== Records shown ==

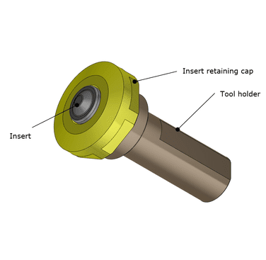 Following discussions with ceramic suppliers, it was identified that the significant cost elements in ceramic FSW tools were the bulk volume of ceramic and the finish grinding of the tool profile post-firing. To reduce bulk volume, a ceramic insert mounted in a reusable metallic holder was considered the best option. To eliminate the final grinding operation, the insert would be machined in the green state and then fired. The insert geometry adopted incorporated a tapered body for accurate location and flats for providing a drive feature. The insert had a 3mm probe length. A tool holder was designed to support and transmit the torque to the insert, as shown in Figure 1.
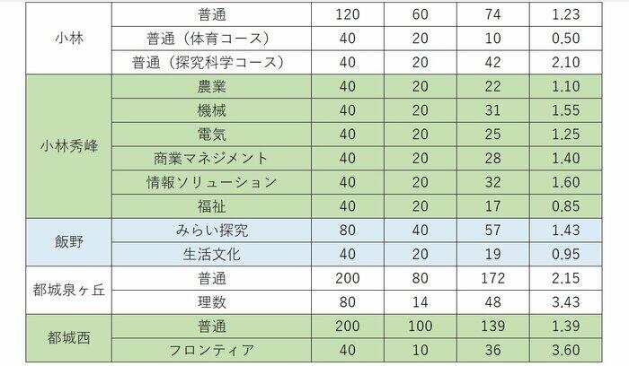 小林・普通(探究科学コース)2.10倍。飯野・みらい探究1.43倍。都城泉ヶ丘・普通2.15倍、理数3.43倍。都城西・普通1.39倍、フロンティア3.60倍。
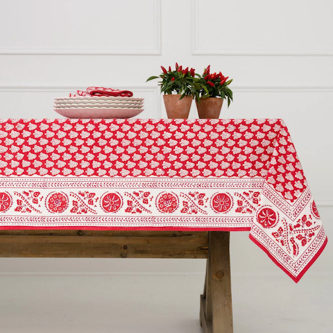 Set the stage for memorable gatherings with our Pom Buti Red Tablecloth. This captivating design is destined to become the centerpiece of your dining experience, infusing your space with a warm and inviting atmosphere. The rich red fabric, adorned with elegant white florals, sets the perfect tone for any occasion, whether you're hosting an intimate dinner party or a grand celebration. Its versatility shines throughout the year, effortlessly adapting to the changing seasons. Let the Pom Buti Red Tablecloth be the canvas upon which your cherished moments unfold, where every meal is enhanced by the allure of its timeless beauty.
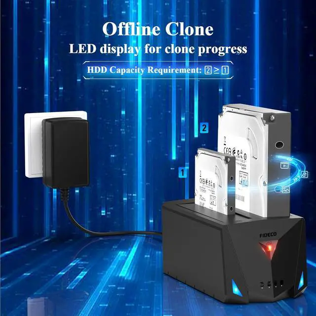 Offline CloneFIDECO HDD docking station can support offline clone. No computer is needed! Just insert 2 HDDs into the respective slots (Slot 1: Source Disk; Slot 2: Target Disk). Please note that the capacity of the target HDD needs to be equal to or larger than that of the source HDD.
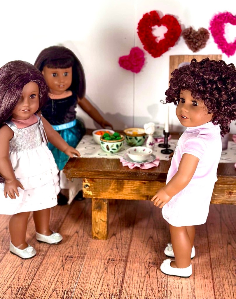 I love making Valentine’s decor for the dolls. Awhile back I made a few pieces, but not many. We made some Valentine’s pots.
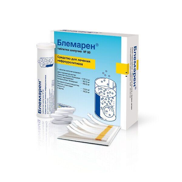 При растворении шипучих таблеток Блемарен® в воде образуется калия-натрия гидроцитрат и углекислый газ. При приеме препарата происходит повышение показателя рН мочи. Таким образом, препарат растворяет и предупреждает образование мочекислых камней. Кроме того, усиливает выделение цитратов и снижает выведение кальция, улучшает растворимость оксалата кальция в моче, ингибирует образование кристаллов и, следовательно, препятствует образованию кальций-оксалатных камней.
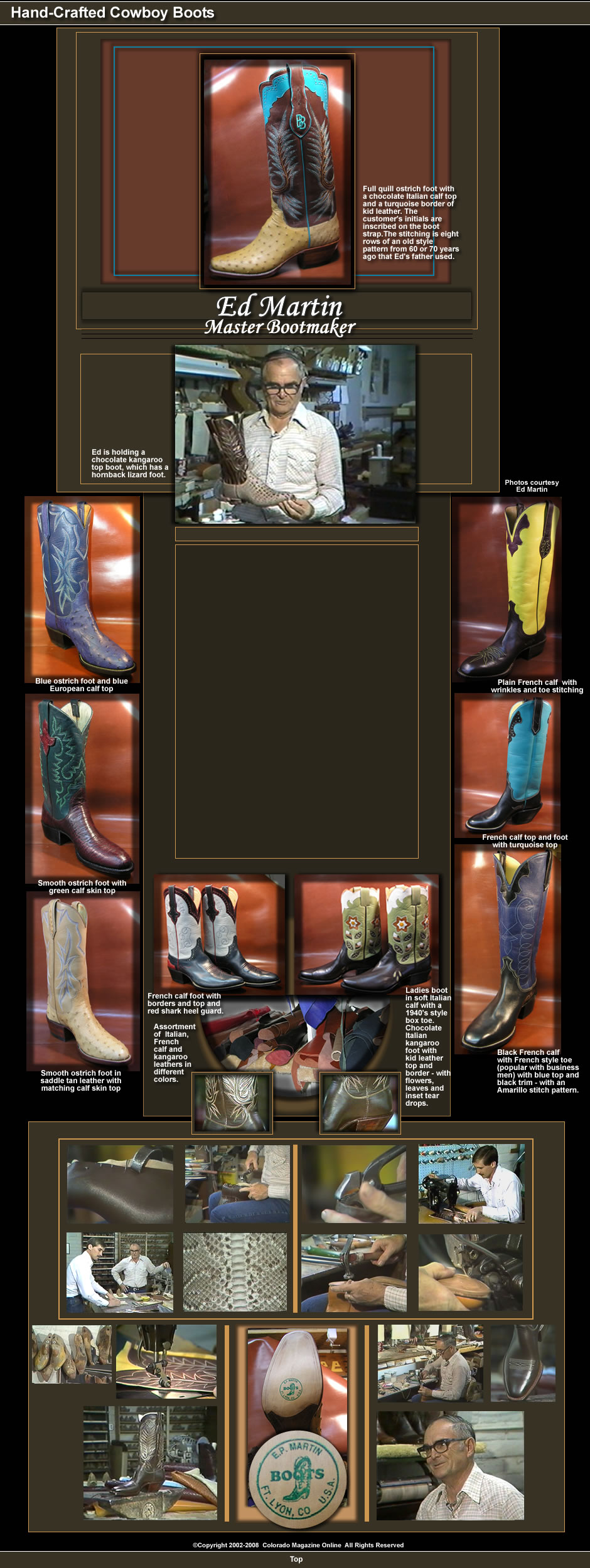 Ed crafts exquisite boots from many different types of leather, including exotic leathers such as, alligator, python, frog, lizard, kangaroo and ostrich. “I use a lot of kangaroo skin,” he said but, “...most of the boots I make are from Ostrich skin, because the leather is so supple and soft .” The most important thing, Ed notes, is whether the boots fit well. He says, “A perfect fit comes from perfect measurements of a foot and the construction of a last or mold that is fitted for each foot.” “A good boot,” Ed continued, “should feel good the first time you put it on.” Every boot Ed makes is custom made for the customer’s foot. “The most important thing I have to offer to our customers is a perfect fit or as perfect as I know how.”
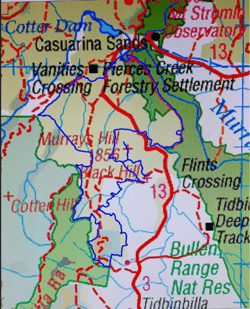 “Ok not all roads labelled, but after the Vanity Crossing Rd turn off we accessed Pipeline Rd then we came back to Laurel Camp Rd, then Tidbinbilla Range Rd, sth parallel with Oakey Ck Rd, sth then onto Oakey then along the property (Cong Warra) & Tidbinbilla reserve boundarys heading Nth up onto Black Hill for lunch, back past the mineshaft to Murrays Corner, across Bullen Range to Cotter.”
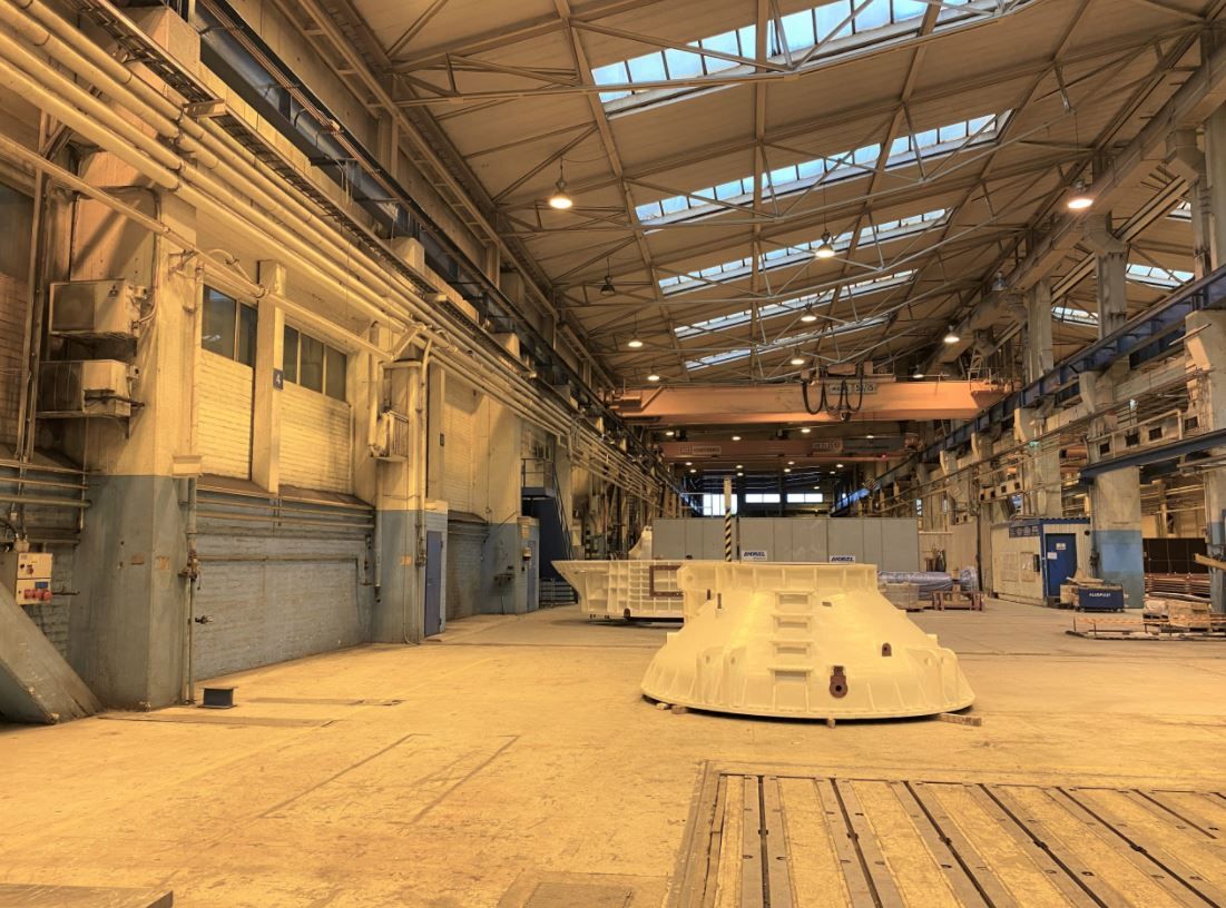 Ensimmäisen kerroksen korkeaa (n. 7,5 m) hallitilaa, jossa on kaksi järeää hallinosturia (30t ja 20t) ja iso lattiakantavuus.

===

### What is needed
In the data above, retype only the stretch from the line with "Set the stage" through the line with "I love making", word for word, and skip any pictures.

### Output for this exercise
 Set the stage for memorable gatherings with our Pom Buti Red Tablecloth. This captivating design is destined to become the centerpiece of your dining experience, infusing your space with a warm and inviting atmosphere. The rich red fabric, adorned with elegant white florals, sets the perfect tone for any occasion, whether you're hosting an intimate dinner party or a grand celebration. Its versatility shines throughout the year, effortlessly adapting to the changing seasons. Let the Pom Buti Red Tablecloth be the canvas upon which your cherished moments unfold, where every meal is enhanced by the allure of its timeless beauty.
 Offline CloneFIDECO HDD docking station can support offline clone. No computer is needed! Just insert 2 HDDs into the respective slots (Slot 1: Source Disk; Slot 2: Target Disk). Please note that the capacity of the target HDD needs to be equal to or larger than that of the source HDD.
 I love making Valentine’s decor for the dolls. Awhile back I made a few pieces, but not many. We made some Valentine’s pots.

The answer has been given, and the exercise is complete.